Methods: The DOR model was constructed by intragastrical Tripterygium glycoside suspension administration, and moxibustion therapy was simultaneously given. The morphological ovarian changes were observed by hematoxylin and eosin staining. The miRNA expression profile was detected by RNA sequencing, and bioinformatics analysis was performed. Cytoscape software 3.6.1 was used to establish a regulatory network and differentially expressed miRNAs were verified by reverse transcription quantitative polymerase chain reaction (RT-qPCR).
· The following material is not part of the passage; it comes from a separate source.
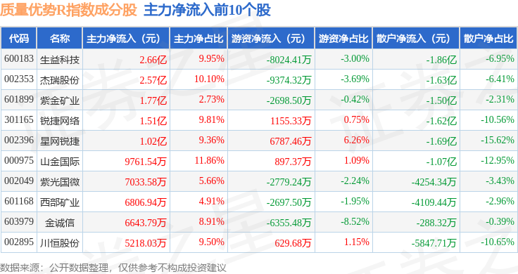 资金流向方面,质量优势R(489017)指数成份股当日主力资金净流入合计5.8亿元,游资资金净流入合计1.14亿元,散户资金净流出合计6.94亿元。成份股资金流向详情见下表:

Results: Decreased number of mature follicles, increased atresia follicles, and abnormal granulosa cell morphology were observed in the model group compared with the control group. The moxibustion group demonstrated increased mature follicles, decreased atretic follicles, and significantly decreased abnormal morphology of granulosa cells compared with the model group. Additionally, RNA sequencing results manifested significantly up-regulated miRNA expressions (miR-92b-3p, miR-26-5p_R + 1_1ss10TC, miR-206-3p, miR-9993b-3p_1ss6GA, miR-7857-3p_R-1, miR-219a-2-3p_1ss10GC, miR-3968-p5_1ss10AT, and PC-5p-6478_1795) and down-regulated miR-664-2-5p_R + 1 in the model group, compared with the control group, and the moxibustion group reversed abnormal disorder levels of these miRNAs. Moreover, these differentially expressed miRNAs were mainly involved in the phosphatidylinositol-3-kinase / protein kinase B signaling pathway and nuclear factor erythropoietin-2-related factor 2 / heme oxygenase 1 signaling pathway. Finally, network and RT-qPCR verification revealed miR-9993b-3p_1ss6GA as the most critical miRNA.
Conclusion: This experiment proved the effectiveness of moxibustion in improving the ovarian reserve of rats by regulating miRNA expression, especially miR-9993b-3p_1ss6GA.
Keywords: mechanics; microRNAs; moxibustion; ovarian reserve.